You'll ensure any link spill will be limtied to the post only.
A hack you asked for, a hack you got ;)
SN
[perl]
#!E:\perl\bin\perl.exe
print "Content-type: text/html\n\n";
# a test post
$string = qq~
<a href="testpage1.html">I don't close this tag<b> <br>
This is some interesting bold text in between</b> to make this test look real. It should not become part of the link the user intended to end earlier.

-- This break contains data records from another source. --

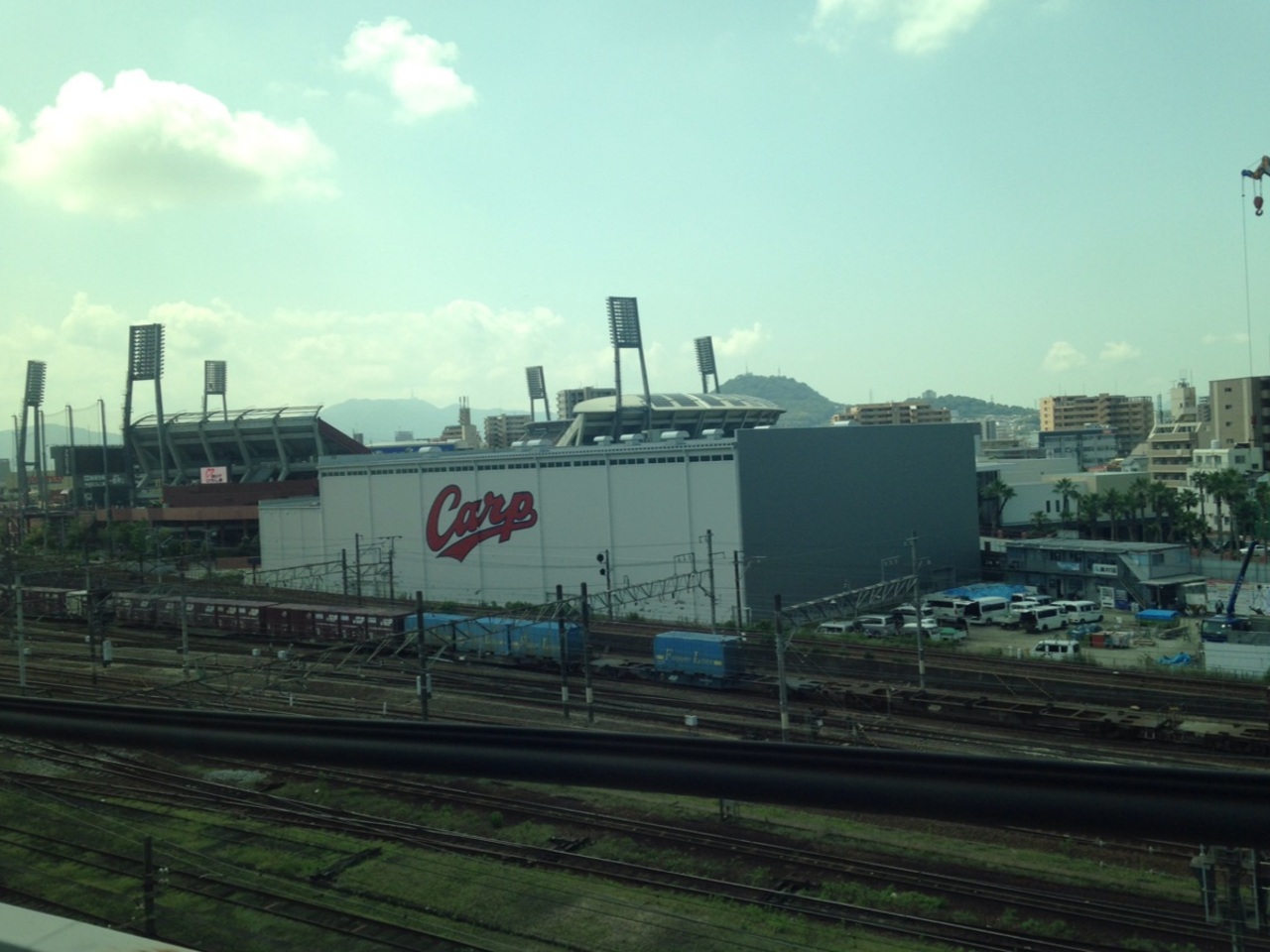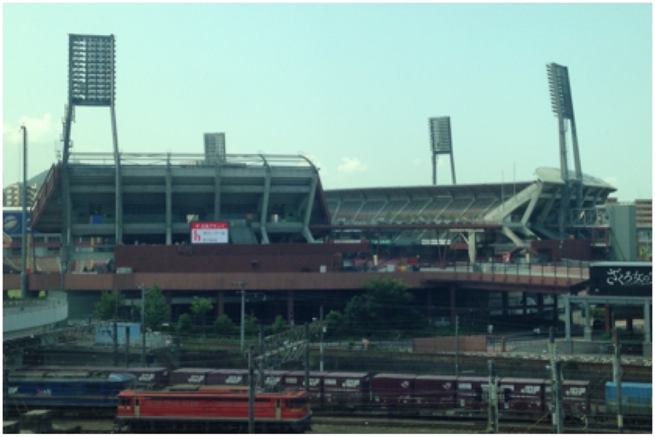 外野席の一部が切り取られたような外観ですがこれは新幹線の車窓から球場内を見られるように意図したものだそうです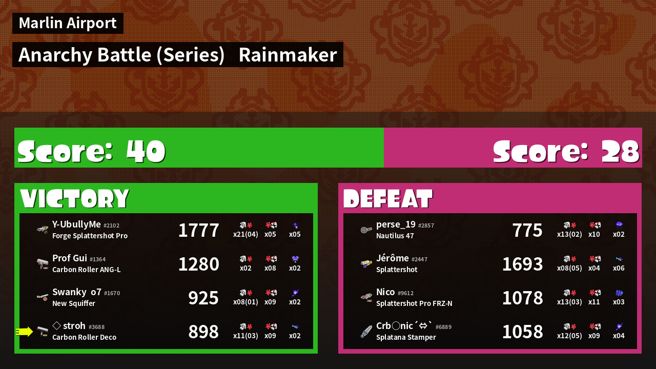 | Weapon | Carbon Roller Deco ( Burst Bomb / Trizooka) | ||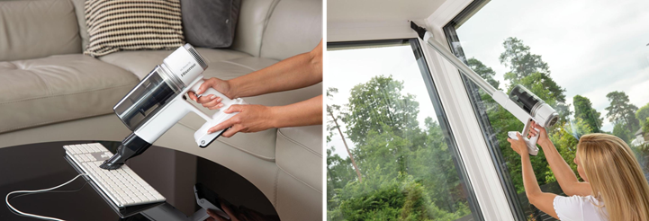 Využívajte všetky výhody vertikálneho vysávača, ktorý sa v priebehu niekoľkých sekúnd zmení na ručný vysávač. S prídavnými hubicami (prachová kefa a štrbinová hubica) a v rôznych kombináciách len s ručnou časťou alebo so sacou trubicou neexistuje úloha, ktorú by ste nezvládli.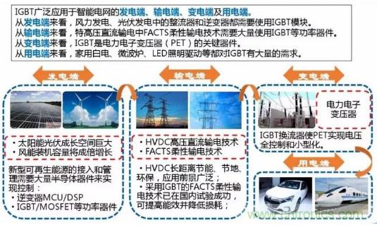 IGBT廣泛應用于智能電網(wǎng)的發(fā)電端、輸電端、變電端及用電端: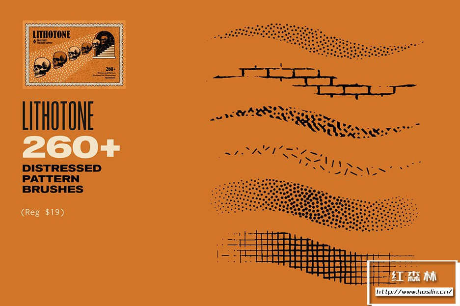 - Lithotone: 260 多种 仿旧图案刷(Reg $19)

<b><a href="testpage2.html">and I do add bold overlapping b/href link that I do close</b></a> <br>
This is more interesting text in between
<i><a href="testpage3.html">This link</i> is at the end and is not closed, it has overlapping italics <br>
This line should not become part of the link
<a href="testpage1.html">QQ
~;
$string =~s/(\n¦\t¦\r)//g;
@strings = split(/<a/,$string);
foreach $between_ahref (@strings) {
# Do we have a closing a href tag here? If not add it, only link the first word
if ($between_ahref!~ /<\/a>/gis && $between_ahref =~ /^\s*\b(.*?)\b /) {
$firstword = $1;
$string =~ s/$firstword/$firstword<\/a>/is;
}
elsif ($between_ahref!~ /<\/a>/gis) { # it's the last word in the post tha misses a closing tag
$string =~ s/$between_ahref/$between_ahref<\/a>/;
}
}
print "$string";
[/perl]